Work required:
Reproduce the section of the listing that begins at the line containing "Pure J Jill" and finishes at the line containing "совершенствования понятия деловой". Include both end lines and nothing beyond them.

Records shown:
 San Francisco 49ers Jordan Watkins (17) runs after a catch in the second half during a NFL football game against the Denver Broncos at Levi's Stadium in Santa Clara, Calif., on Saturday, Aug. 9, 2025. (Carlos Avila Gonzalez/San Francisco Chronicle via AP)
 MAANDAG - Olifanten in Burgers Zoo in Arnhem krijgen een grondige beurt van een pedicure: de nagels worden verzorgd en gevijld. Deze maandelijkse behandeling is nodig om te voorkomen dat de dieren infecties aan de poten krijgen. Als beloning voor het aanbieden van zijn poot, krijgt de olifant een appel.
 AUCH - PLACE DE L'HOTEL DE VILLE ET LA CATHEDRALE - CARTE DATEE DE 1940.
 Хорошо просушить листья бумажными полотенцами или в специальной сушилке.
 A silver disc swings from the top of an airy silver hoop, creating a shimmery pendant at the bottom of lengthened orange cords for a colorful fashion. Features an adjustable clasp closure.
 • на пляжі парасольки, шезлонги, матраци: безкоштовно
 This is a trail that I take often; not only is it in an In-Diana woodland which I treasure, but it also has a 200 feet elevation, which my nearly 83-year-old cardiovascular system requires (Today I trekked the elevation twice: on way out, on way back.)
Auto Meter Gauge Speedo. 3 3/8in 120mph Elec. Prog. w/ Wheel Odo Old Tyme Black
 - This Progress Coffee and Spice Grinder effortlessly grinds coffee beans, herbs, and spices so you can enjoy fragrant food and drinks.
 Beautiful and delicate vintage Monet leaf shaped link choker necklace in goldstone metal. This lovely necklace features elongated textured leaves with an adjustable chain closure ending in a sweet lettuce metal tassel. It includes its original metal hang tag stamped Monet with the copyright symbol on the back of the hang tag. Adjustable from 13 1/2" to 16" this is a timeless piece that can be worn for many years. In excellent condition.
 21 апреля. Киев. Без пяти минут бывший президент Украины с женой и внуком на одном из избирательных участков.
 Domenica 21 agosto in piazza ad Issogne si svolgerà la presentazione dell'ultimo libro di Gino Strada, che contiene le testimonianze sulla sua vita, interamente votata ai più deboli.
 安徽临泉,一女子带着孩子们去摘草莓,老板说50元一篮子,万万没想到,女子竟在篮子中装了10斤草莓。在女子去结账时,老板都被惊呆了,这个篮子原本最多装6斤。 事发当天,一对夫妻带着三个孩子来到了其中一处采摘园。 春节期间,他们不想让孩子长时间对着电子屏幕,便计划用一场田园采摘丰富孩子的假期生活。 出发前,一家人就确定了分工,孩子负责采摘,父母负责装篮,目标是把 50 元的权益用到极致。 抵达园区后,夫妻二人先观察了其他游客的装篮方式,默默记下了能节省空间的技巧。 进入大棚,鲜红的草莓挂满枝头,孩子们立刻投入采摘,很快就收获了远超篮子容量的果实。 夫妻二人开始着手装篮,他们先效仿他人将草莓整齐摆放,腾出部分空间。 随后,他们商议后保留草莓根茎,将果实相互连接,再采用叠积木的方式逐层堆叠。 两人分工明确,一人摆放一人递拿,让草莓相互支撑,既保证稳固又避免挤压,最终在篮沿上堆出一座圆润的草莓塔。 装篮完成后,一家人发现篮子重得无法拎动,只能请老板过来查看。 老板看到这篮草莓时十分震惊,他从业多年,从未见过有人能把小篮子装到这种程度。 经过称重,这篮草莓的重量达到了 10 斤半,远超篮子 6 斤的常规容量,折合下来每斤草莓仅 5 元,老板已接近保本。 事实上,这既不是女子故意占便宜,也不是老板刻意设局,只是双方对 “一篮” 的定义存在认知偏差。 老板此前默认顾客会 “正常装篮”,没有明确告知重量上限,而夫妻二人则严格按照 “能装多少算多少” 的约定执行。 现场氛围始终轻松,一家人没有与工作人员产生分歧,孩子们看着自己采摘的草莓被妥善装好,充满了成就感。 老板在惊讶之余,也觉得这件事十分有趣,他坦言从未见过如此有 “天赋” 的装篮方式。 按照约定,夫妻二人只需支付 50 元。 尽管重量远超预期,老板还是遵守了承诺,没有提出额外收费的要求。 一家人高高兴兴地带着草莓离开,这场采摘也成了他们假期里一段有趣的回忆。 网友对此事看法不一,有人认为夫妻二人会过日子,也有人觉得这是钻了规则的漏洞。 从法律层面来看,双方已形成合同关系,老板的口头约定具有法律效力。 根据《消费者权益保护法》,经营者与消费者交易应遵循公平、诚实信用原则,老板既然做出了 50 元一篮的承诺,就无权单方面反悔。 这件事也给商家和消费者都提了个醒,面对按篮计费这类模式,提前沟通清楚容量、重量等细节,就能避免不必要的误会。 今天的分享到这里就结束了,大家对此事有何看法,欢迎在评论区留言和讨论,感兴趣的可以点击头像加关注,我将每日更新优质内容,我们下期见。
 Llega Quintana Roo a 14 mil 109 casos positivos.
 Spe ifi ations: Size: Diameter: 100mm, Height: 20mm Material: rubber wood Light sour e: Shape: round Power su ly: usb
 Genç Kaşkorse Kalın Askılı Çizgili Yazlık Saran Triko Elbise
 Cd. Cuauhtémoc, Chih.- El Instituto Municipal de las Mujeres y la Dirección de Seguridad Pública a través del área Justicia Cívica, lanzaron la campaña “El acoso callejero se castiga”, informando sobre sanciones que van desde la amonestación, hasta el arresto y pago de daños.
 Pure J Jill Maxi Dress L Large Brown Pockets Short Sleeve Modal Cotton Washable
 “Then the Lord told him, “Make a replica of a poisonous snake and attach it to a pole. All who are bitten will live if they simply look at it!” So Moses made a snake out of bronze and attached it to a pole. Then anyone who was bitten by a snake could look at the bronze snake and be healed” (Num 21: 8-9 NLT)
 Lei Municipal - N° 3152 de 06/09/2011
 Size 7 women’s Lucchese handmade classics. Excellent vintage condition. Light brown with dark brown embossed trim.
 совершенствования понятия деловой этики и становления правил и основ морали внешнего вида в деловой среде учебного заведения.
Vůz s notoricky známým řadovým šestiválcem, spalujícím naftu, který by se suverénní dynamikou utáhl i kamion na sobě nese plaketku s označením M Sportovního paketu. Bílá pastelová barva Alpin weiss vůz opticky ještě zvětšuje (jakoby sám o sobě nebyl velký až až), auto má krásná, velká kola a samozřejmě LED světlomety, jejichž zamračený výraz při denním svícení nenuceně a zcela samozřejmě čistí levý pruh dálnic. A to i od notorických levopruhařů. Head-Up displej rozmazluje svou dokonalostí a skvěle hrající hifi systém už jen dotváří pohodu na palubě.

Output of the task:
 Pure J Jill Maxi Dress L Large Brown Pockets Short Sleeve Modal Cotton Washable
 “Then the Lord told him, “Make a replica of a poisonous snake and attach it to a pole. All who are bitten will live if they simply look at it!” So Moses made a snake out of bronze and attached it to a pole. Then anyone who was bitten by a snake could look at the bronze snake and be healed” (Num 21: 8-9 NLT)
 Lei Municipal - N° 3152 de 06/09/2011
 Size 7 women’s Lucchese handmade classics. Excellent vintage condition. Light brown with dark brown embossed trim.
 совершенствования понятия деловой этики и становления правил и основ морали внешнего вида в деловой среде учебного заведения.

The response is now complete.